Running is not an activity you associate with my family. So
says my brother Rod.
This is true in recent decades. Vigorous exercise has not been
our forte. That changed when I was lured to join the regular circuit runners
around Nijojo (Nijo Castle) in Kyoto. A 2 km circuit that encircles the castle,
its moat and the surrounding hedge.
Aerobic exercise has a long and positive connection with
creative writing. Walking is recommended as the most natural way to enhance
creativity and stimulate insights.
I love to walk, and now I love to run. As well as helping my
fitness and ability to climb mountains, it has opened new worlds to delight and
stimulate the senses.
Early morning is the best time to run I find. As do many
others, of all ages and levels of fitness. These companions, especially those
in their elder years, motivate me to start the day in a good way.
Most of us run or walk anti-clockwise except for one
gentleman who defies the norm. He is yet to say hello when he passes by. I hope
that will change, as it has with others as I become a regular.
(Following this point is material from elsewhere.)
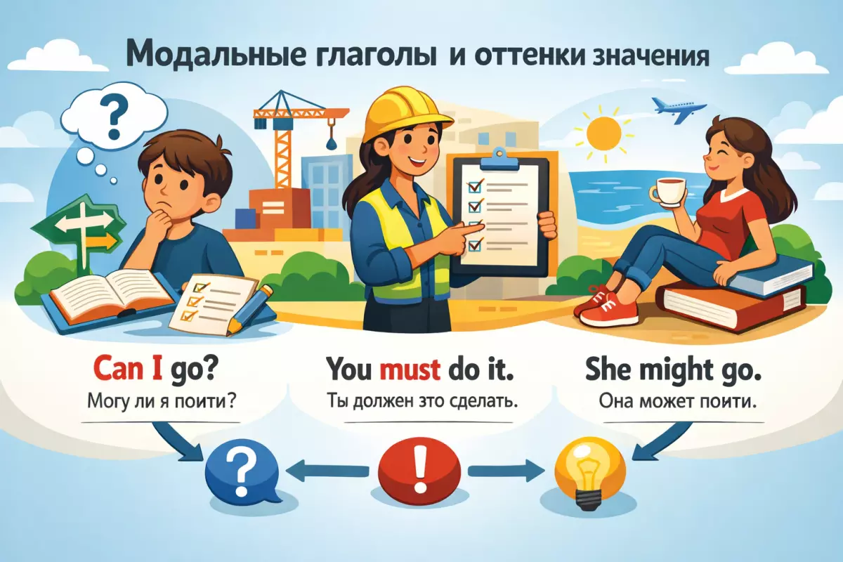 Сравните: You can leave now — «ты можешь уйти сейчас», You must leave now — «ты должен уйти сейчас», You might leave now — «возможно, ты сейчас уйдёшь». Само действие leave не меняется, но смысл высказывания становится совершенно другим. В этом и состоит главная роль модальных глаголов: они добавляют оттенок, без которого фраза часто теряет точность.
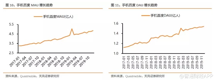 2019年百度(BIDU.US)作为央视《春节联欢晚会》独家网络互动平台,参与2019年的春晚红包互动,活动期间为1月28日(小年)至2月4日(除夕),共8天,红包总额高达10亿。10亿红包直接拉动百度用户数据增长,百度2019年2月MUA和DAU分别相对1月增长6800万和1200万至5.05亿和1.51亿,而2018年全年百度MAU和DAU净增量也仅6200万和1600万。

Every day is different around the castle, the moat and the
hedge. Many surprises have revealed themselves since I started running around 12
months ago.
What first seemed like a biological desert of hedge and lawn,
with planted Sakura and pine trees, has turned out to be far from it. The
Nijojo circuit provides homes for many.
As the seasons progress different plants and animals present
themselves, often in subtle ways. It is important to have your eyes and mind
wide open so not to miss them.
My most exciting discovery has been the thousands of spiral orchids (Spiranthes sinensis) growing between the moat and the hedge during tsuyu, the rainy season.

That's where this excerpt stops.